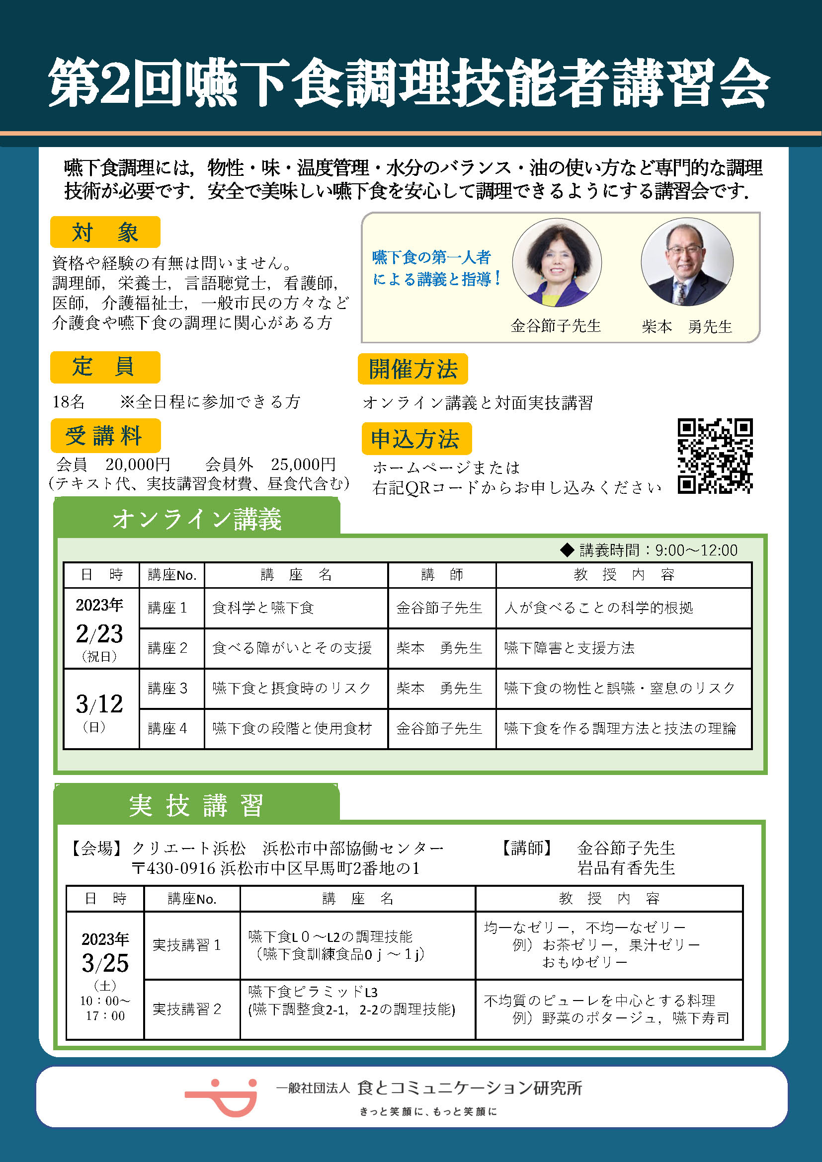 食とコミュニケーション研究所では,『嚥下食調理技能者』を育成することを目的に,講習会を開催します.
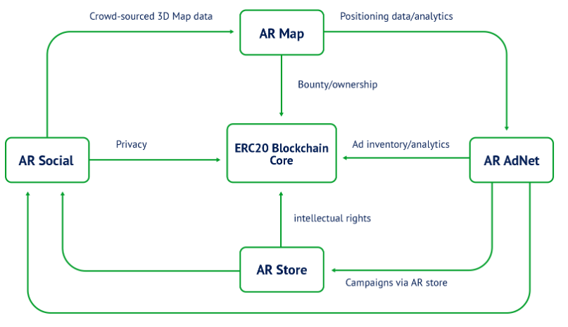 Blockchain объеденил все элементы проекта в одно целое. Рекламные ресурсы и кампании регистрируются в блочной цепочке и оплачиваются ARR. Баунти в ARR выплачивается строителям карт, и все транзакции в социальной сети проводятся в токене ARR. В дополнение к доходам от рекламы мы представляем значительную ценность при аренде карты AR для сторонних приложений и подключении их к нашей рекламной сети. Все права на интеллектуальную собственность и конфиденциальность гарантируются с помощью смарт-контрактов.
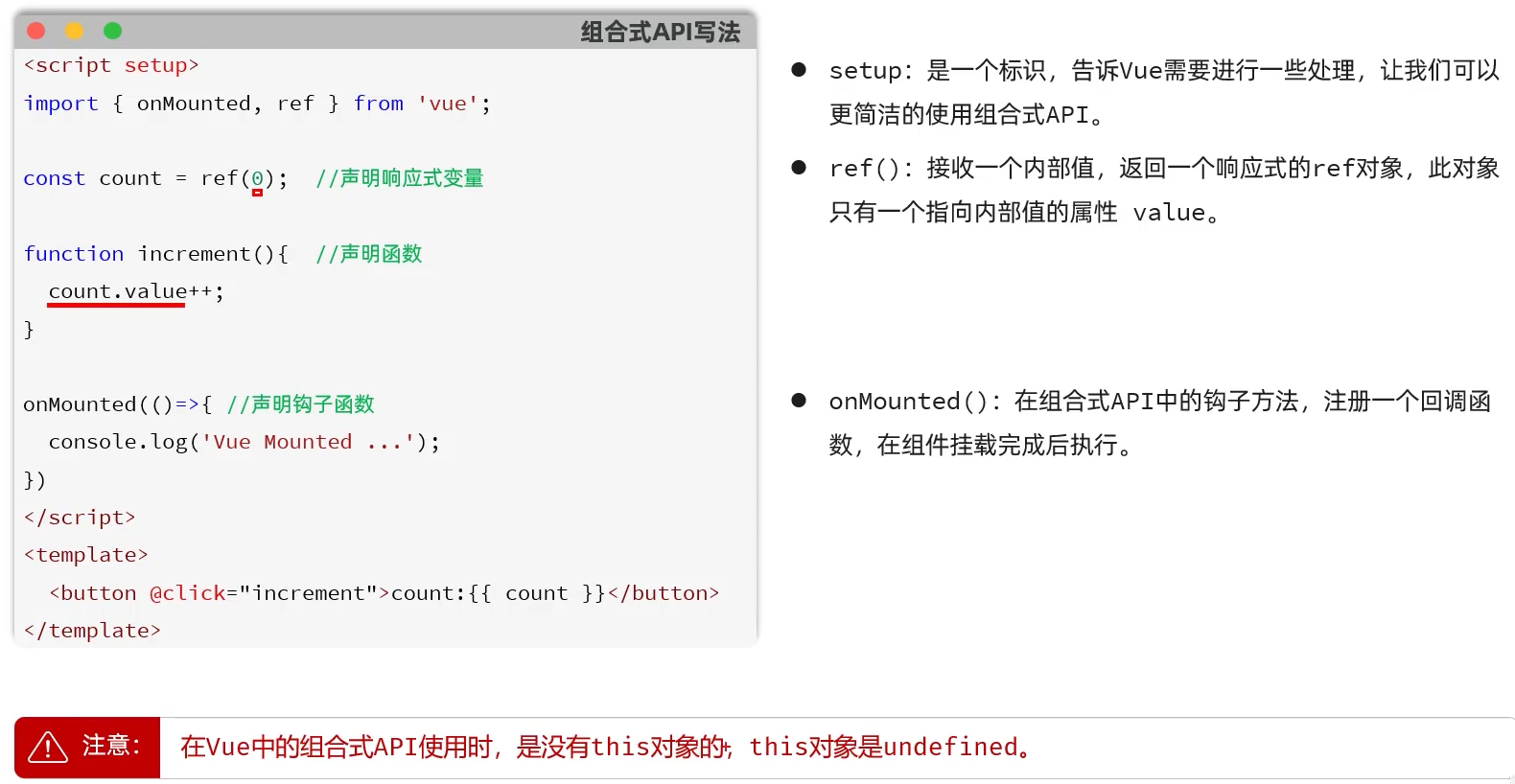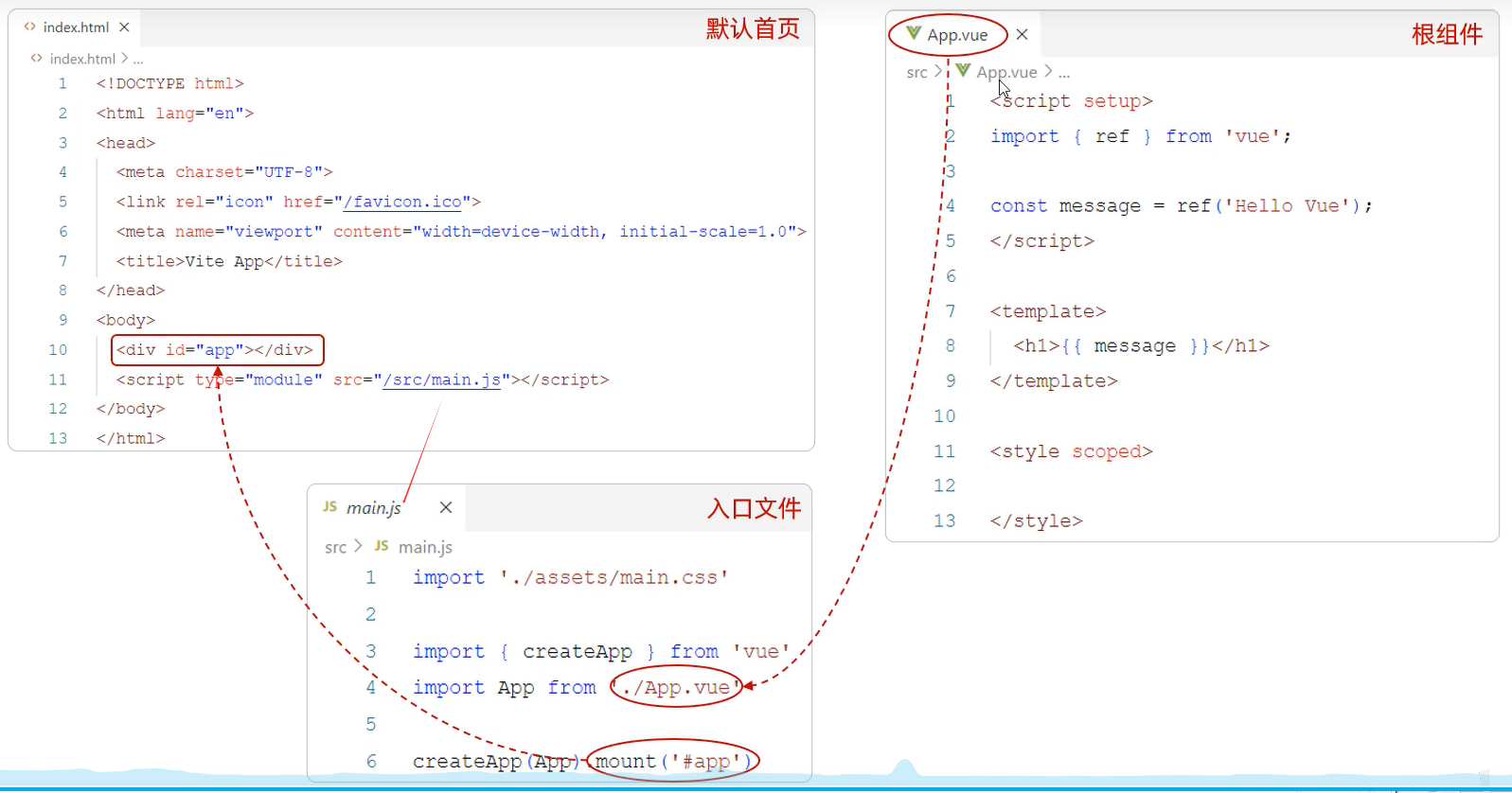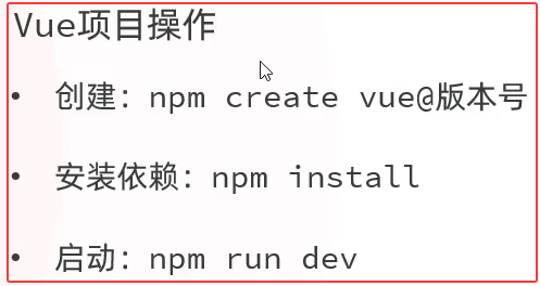 * 创建一个工程化的Vue项目，执行命令：npm create vue@3.3.4
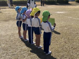 その一環としてブルーウィングのコーチによるサッカー教室を行ないルールを守る道徳性やチームワークを育んでいます。今年も大分県ラグビーフットボール協会の協力で講師の方々が幼稚園を訪問してラグビー体験会を開催しました。
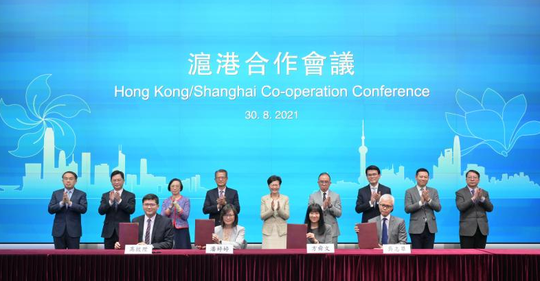沪港合作会议第五次会议今天(30日)下午通过视频连线的方式举行。上海市委副书记、市长龚正,香港特别行政区行政长官林郑月娥致辞并签署第五次会议合作备忘录。上海市副市长宗明、香港特别行政区财政司司长陈茂波回顾沪港合作情况并展望未来愿景。
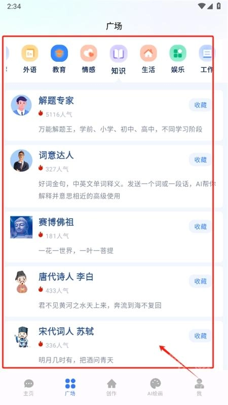 3、在广场页面选择感兴趣的AI机器人提问。
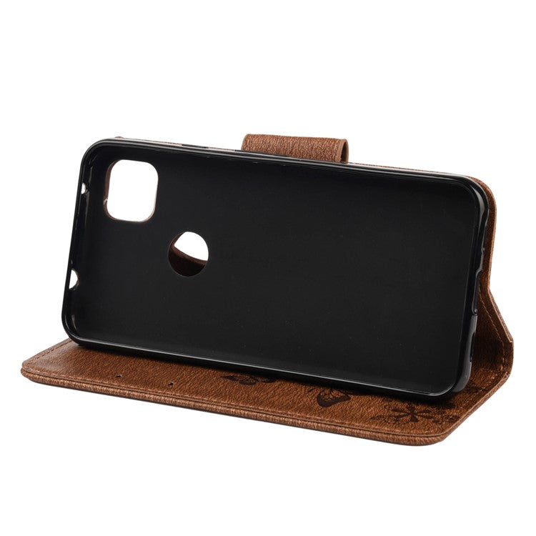 Butterfly Pattern Imprinting TPU + PU Leather Phone Protector for Google Pixel 4a - Brown
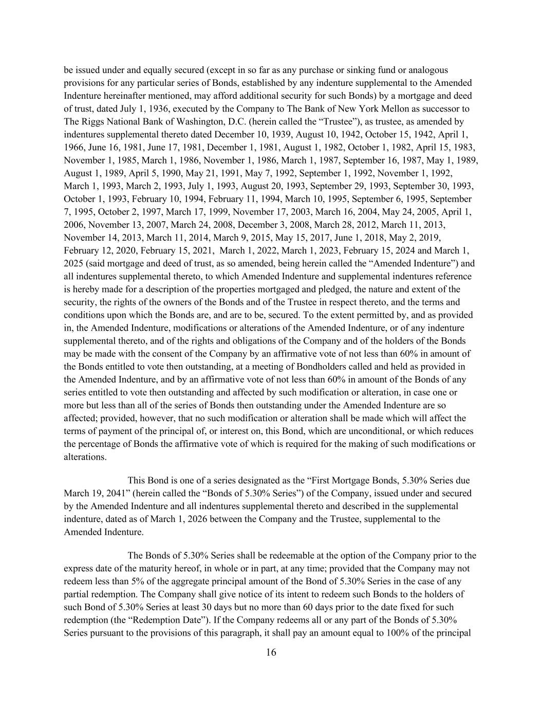 16 be issued under and equally secured (except in so far as any purchase or sinking fund or analogous provisions for any particular series of Bonds, established by any indenture supplemental to the Amended Indenture hereinafter mentioned, may afford additional security for such Bonds) by a mortgage and deed of trust, dated July 1, 1936, executed by the Company to The Bank of New York Mellon as successor to The Riggs National Bank of Washington, D.C. (herein called the “Trustee”), as trustee, as amended by indentures supplemental thereto dated December 10, 1939, August 10, 1942, October 15, 1942, April 1, 1966, June 16, 1981, June 17, 1981, December 1, 1981, August 1, 1982, October 1, 1982, April 15, 1983, November 1, 1985, March 1, 1986, November 1, 1986, March 1, 1987, September 16, 1987, May 1, 1989, August 1, 1989, April 5, 1990, May 21, 1991, May 7, 1992, September 1, 1992, November 1, 1992, March 1, 1993, March 2, 1993, July 1, 1993, August 20, 1993, September 29, 1993, September 30, 1993, October 1, 1993, February 10, 1994, February 11, 1994, March 10, 1995, September 6, 1995, September 7, 1995, October 2, 1997, March 17, 1999, November 17, 2003, March 16, 2004, May 24, 2005, April 1, 2006, November 13, 2007, March 24, 2008, December 3, 2008, March 28, 2012, March 11, 2013, November 14, 2013, March 11, 2014, March 9, 2015, May 15, 2017, June 1, 2018, May 2, 2019, February 12, 2020, February 15, 2021, March 1, 2022, March 1, 2023, February 15, 2024 and March 1, 2025 (said mortgage and deed of trust, as so amended, being herein called the “Amended Indenture”) and all indentures supplemental thereto, to which Amended Indenture and supplemental indentures reference is hereby made for a description of the properties mortgaged and pledged, the nature and extent of the security, the rights of the owners of the Bonds and of the Trustee in respect thereto, and the terms and conditions upon which the Bonds are, and are to be, secured. To the extent permitted by, and as provided in, the Amended Indenture, modifications or alterations of the Amended Indenture, or of any indenture supplemental thereto, and of the rights and obligations of the Company and of the holders of the Bonds may be made with the consent of the Company by an affirmative vote of not less than 60% in amount of the Bonds entitled to vote then outstanding, at a meeting of Bondholders called and held as provided in the Amended Indenture, and by an affirmative vote of not less than 60% in amount of the Bonds of any series entitled to vote then outstanding and affected by such modification or alteration, in case one or more but less than all of the series of Bonds then outstanding under the Amended Indenture are so affected; provided, however, that no such modification or alteration shall be made which will affect the terms of payment of the principal of, or interest on, this Bond, which are unconditional, or which reduces the percentage of Bonds the affirmative vote of which is required for the making of such modifications or alterations. This Bond is one of a series designated as the “First Mortgage Bonds, 5.30% Series due March 19, 2041” (herein called the “Bonds of 5.30% Series”) of the Company, issued under and secured by the Amended Indenture and all indentures supplemental thereto and described in the supplemental indenture, dated as of March 1, 2026 between the Company and the Trustee, supplemental to the Amended Indenture. The Bonds of 5.30% Series shall be redeemable at the option of the Company prior to the express date of the maturity hereof, in whole or in part, at any time; provided that the Company may not redeem less than 5% of the aggregate principal amount of the Bond of 5.30% Series in the case of any partial redemption. The Company shall give notice of its intent to redeem such Bonds to the holders of such Bond of 5.30% Series at least 30 days but no more than 60 days prior to the date fixed for such redemption (the “Redemption Date”). If the Company redeems all or any part of the Bonds of 5.30% Series pursuant to the provisions of this paragraph, it shall pay an amount equal to 100% of the principal
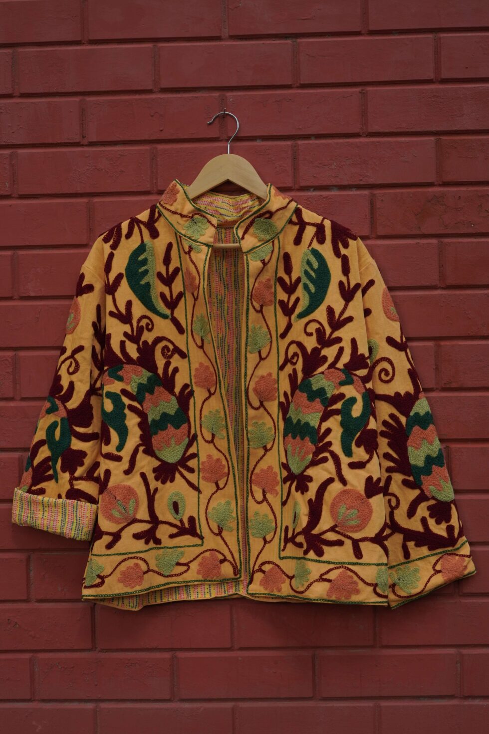Womens Yellow Velvet Embroidered Jacket with Floral Design
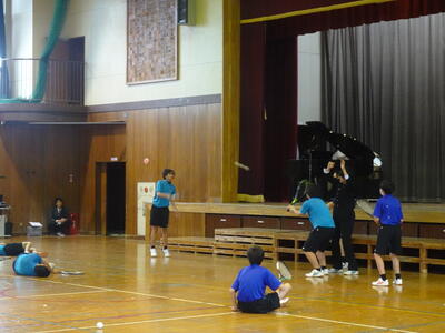 種目は雑巾がけリレー(二中の伝統!?)、二中三択クイズ、長縄跳びでした。
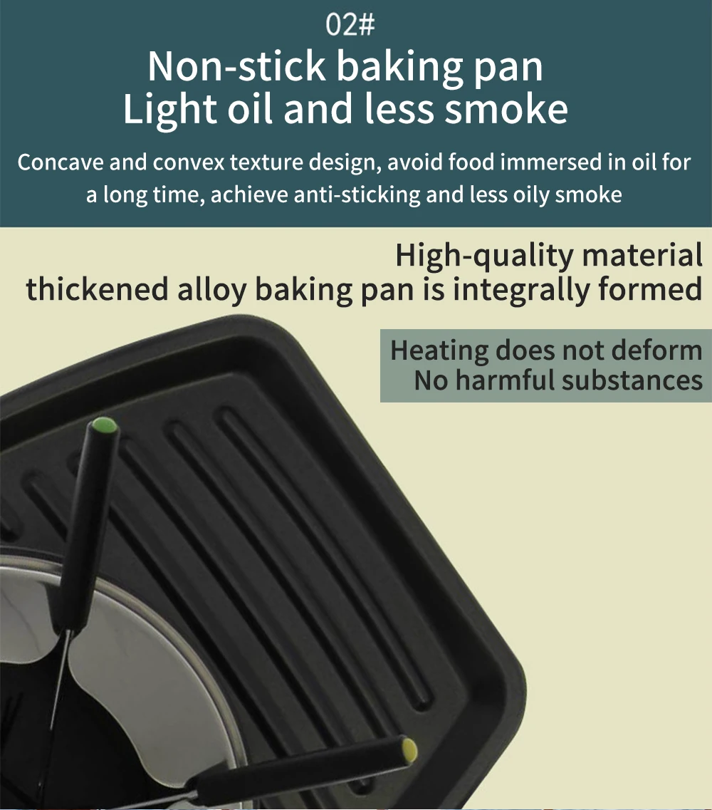 • [Низкое обслуживание] после еды съемный лист для выпечки и фондю в сборе облегчают очистку гриля. Электрическая духовка не прилипает к покрытию и может легко удалить вкусные блюда из кастрюли.
########
# WORK TO BE COMPLETED
Begin at the line containing "Womens Yellow Velvet" and transcribe exactly every line through the end of the records, both ends included, leaving the pictures out.

# SOLUTION FOR THIS TASK
Womens Yellow Velvet Embroidered Jacket with Floral Design
 種目は雑巾がけリレー(二中の伝統!?)、二中三択クイズ、長縄跳びでした。
 • [Низкое обслуживание] после еды съемный лист для выпечки и фондю в сборе облегчают очистку гриля. Электрическая духовка не прилипает к покрытию и может легко удалить вкусные блюда из кастрюли.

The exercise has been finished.